The Public Service Commission says: Kentucky Power “ratepayers pay a relative small proportion of” AEP costs. Whatever the proportion, it is still a cost to the people who are getting utility bills. These are people who, by and large, are unemployed or making minimum wage of $7.25 an hour or less and likely haven’t had a pay raise in years. Whatever their share is of a 30 percent increase to executives, they are getting shafted. Why should people who probably haven’t had a pay raise in years pay any part of 30 percent raises for fat-cat executives? The PSC is acting as Robin Hood in reverse: Steal from the poor and give to the rich.”

The Public Service Commission says: “No decision has been made” on Case 2013-00430 “to convert a portion of the Big Sandy plant to run on natural gas.” You think we don’t know that? The reason I brought this up to the Letcher Fiscal Court is because it’s coming, and we need people to know and to have a chance to fight it. My bet is you will rubberstamp it unless opposition becomes so overwhelming you can’t ignore it. And when that happens, you will be charging the very people whose coal jobs have been lost to natural gas conversions for that conversion, effectively requiring them to pay for having their jobs taken away.

I say it takes a lot of gall to defend executive pay increases of 30 percent under any circumstances, but it takes supreme gall to do it in these times. A few years back, it was discovered that executives were being paid 400 times as much as their lowest paid employee, a huge increase in the multiple from the previous couple of decades. The powers that be expressed outrage and vowed to do something about that. They did, all right. Executive pay now averages 1,000 times the pay of their lowest employee. And this from an executive class that nearly brought this county down over the last five years. Does anyone think these guys deserve rewarding for what they are doing to this country and this economy? Do you? You are probably getting the kind of salaries that render your electric bills insignificant, but your job is to consider the citizens of Kentucky.

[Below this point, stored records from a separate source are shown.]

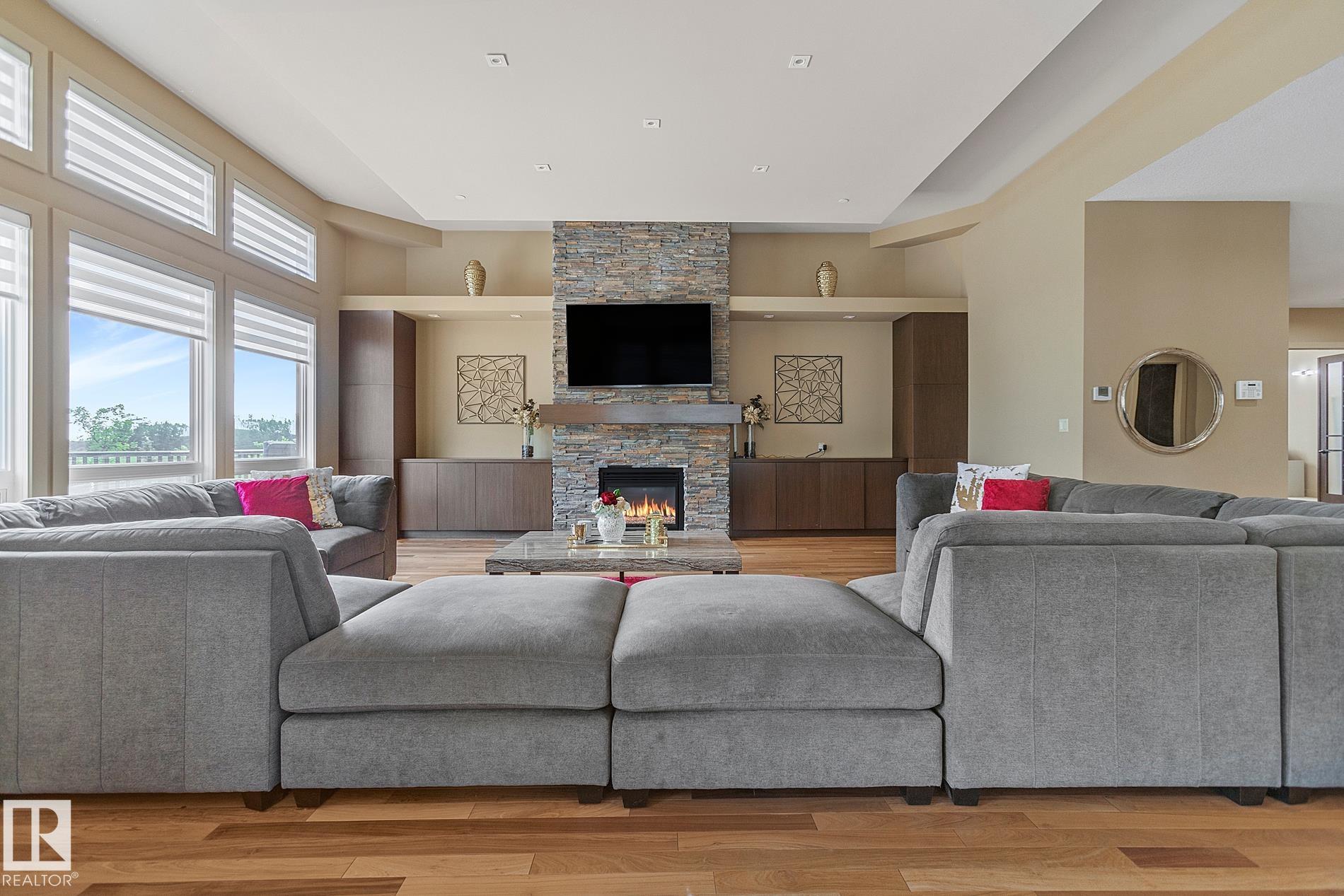 Located in the Gated community of West Bear Haven & Backing onto the Northern Bear Golf Course, this one-of-a-kind 6,990 SqFt 2-Storey (10,739 SqFt total) is absolutely breath-taking. As are the views from the massive Deck & 2 Balconies! Fit for any family & perfect for entertaining inside & outside, there are NINE Bedrms; SEVEN Ensuites; an Elevator; 4 Fireplaces; a Walk-Out Basement (In-Floor Heat) & a Heated Quad Garage. Municipal Sewer & Water. The 9' Main floor greets you with an abundance of windows in the Open-to-below Living Rm. An aquarium separates the Dining Rm & Kitchen - a gourmet chef's dream. Plenty of Cabinets & Granite Countertops; 2 Ovens; separate Pantry & 2nd Dining area. On the other side of the Family Rm is a Primary Bedrm & a Den. The Upper floor has a Great Rm; Raised Bonus Rm; Library & 4 Bedrms. The Bsmt features a Wet Bar in the Family Rm that leads to the Patio; Media Rm; Gym & 4 Bedrms. Beautifully landscaped w. mature trees; water feature- your own oasis w. no expense spared
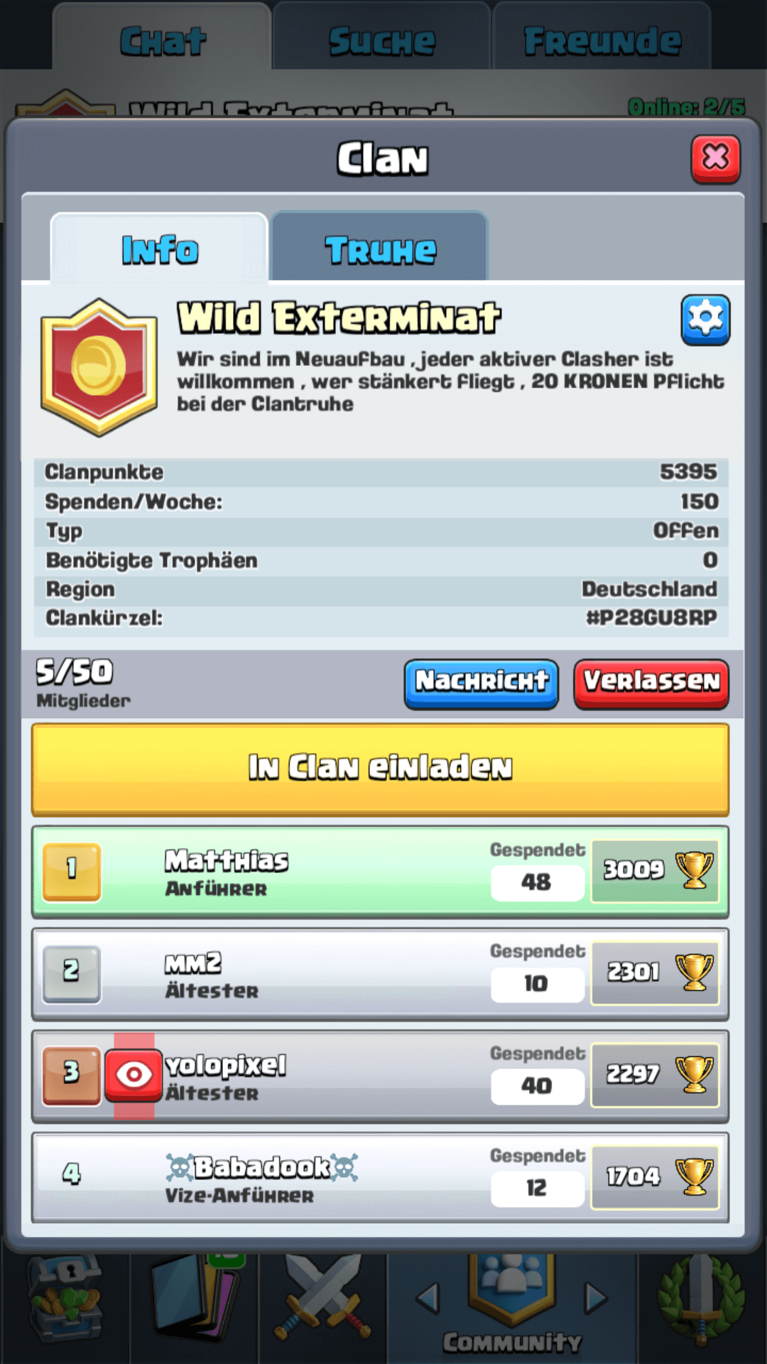 was ich fragen will bzw such oder gern machen wurd wär ein clan der sehr aktive mitstreiter hatt wo man einbisschen trainieren kann und motivation am ständigen besser werden also ich sag mal ich such die clan mitstreiter die bei jeden clan kireg das maximum geben sprich 70-100 kronen pro truhe xd ja das bin ich und suche einen clan bzw. wenn sich gnug melden würd ich mit eich gern so einen starken clan machen da gerade auch die cw kurz vor der tür stehen
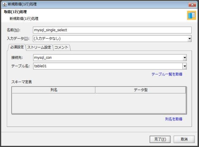 取得(1行)処理を行うMySQLのテーブル名を指定してください。
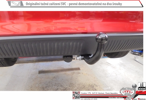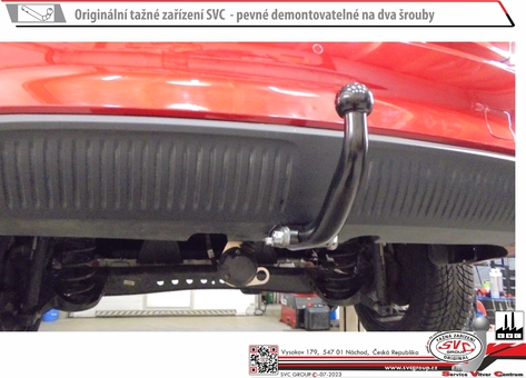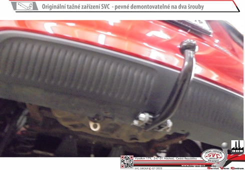 Dvou šroubové provedení SVC, nejpoužívanější a cenově nejdostupnější upevnění kulového čepu k zařízení, tak zvané upevnění kulového čepu na dva šrouby také nazývané napevno. Povrchová úprava je provedena metodou KTL v matném černém odstínu, které s četnými spodními hranami nárazníku nebudou rušit estetiku vašeho vozu po montáži tažného zařízení. Kulový čep se na základě nařízení EU nemusí demontovat z vozu, můžete jej mít celoročně namontovaný na voze, pokud nezakrývá registrační značku nebo činnou plochu osvětlení vozu, bez připojeného vozíku. Systém je průmyslově chráněný vzor a je záměnný z bajonetovým systémem SVMAT-2. Na základě norem ČSN je pohlíženo na šroubové provedení jako na rozebíratelný spoj za použití nářadí.
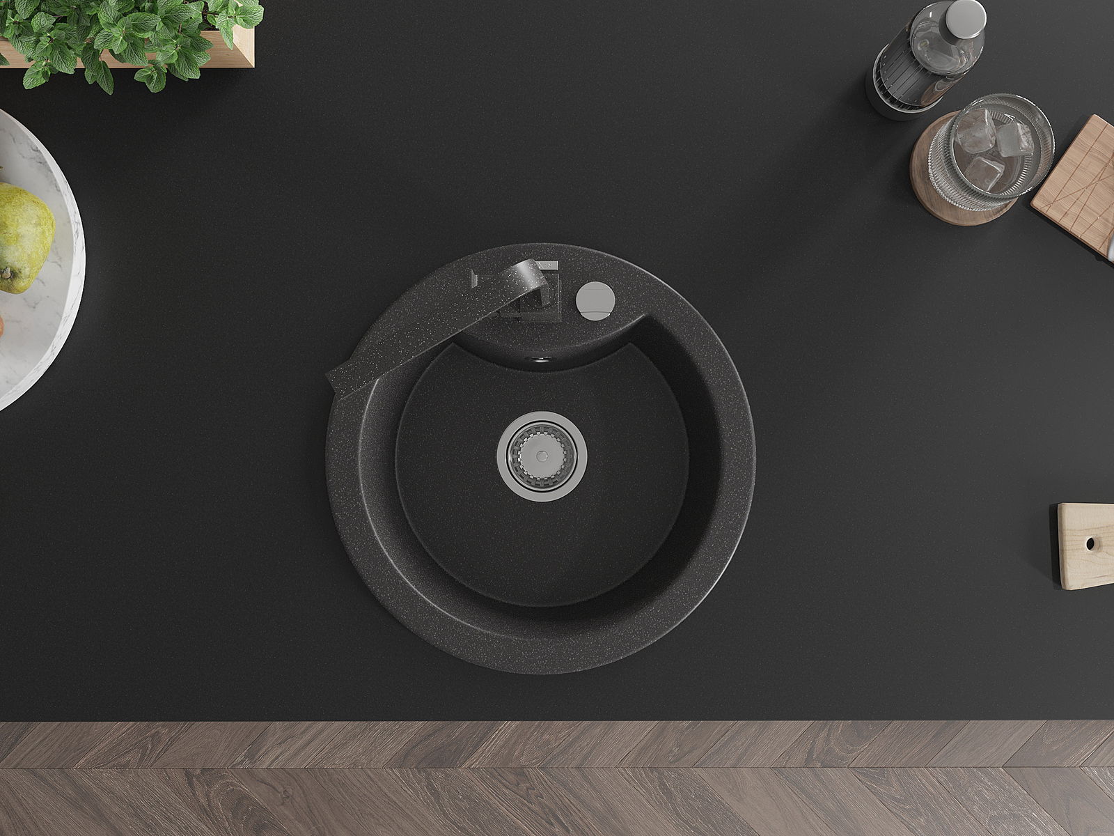 A mosogató magas minőségű gránitból készült. Elegáns, de mindenekelőtt praktikus kiegészítője minden konyhának, függetlenül annak stílusától. A gránit magas minősége és tartóssága hosszú távú használatot biztosít.
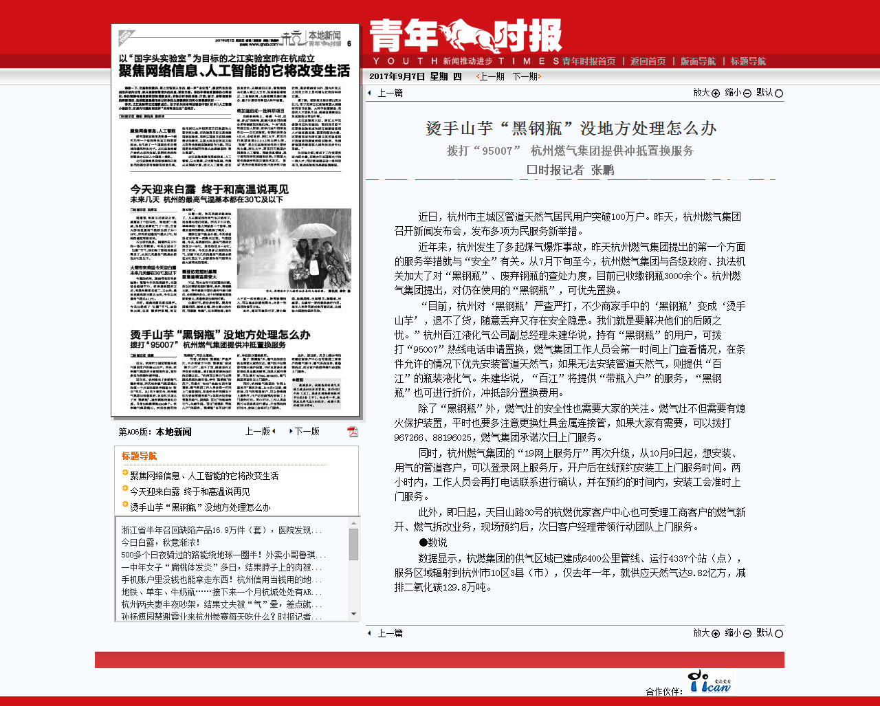 近年来,杭州发生了多起煤气爆炸事故,昨天银河官网 集团提出的第一个方面的服务举措就与“安全”有关。从7月下旬至今,银河官网 集团与各级政府、执法机关加大了对“黑钢瓶”、废弃钢瓶的查处力度,目前已收缴钢瓶3000余个。银河官网 集团提出,对仍在使用的“黑钢瓶”,可优先置换。
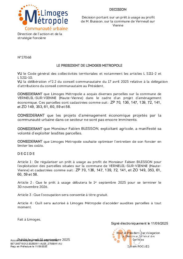 DécisionDécision portant sur un prêt à usage au profit de M. Buisson, sur la commune de Verneuil sur Vienne1 documentPublié le 11 Septembre 2025 27068_01.pdf (.pdf, 220,5 Ko) Télécharger PrécédentRetour à la listeSuivant

You don’t seem to be doing that.

In fact, the PSC is looking out so well for the shareholders of AEP that AEP’s stock price is close to its all-time high.

Let me give the Public Service Commission and legislators a list of people and places suffering in Letcher County because of your lack of caring and inaction or non-action.

There was a small church in the city of Neon that had services four days in the last billing cycle. They have a small congregation of dedicated people. Most of their congregation is on fixed incomes. They don’t even have a hot water heater in their church, and their $800 power bill for last month has caused a hardship on the small church that asked for no more than to hear the word of God.

There are also the widow women in Jenkins and Whitesburg who are raising their children on $850 a month. How about the laid off coal miner that’s losing his unemployment benefits from Eolia, Colson and Blackey?

Or you might dig a little deeper and find dozens of disabled veterans that have to sit in one room of their house with blankets over their doors, huddled up to a kerosene heater to keep warm.

These people live all over Letcher County. I really don’t believe the members of the Public Service Commission read the January 22 edition of The Mountain Eagle and decided to answer the complaints that myself and others brought up in the fiscal court meeting. I truly don’t believe the members of the PSC care what the people in Letcher County and eastern Kentucky think.

I do know at least one of the legislators reads The Mountain Eagle every week — I guess to see what the public opinion is.

The new bills coming out this week will be much higher than last month. I don’t know what poor people are going to do. May God help us, because the PSC and legislators will not.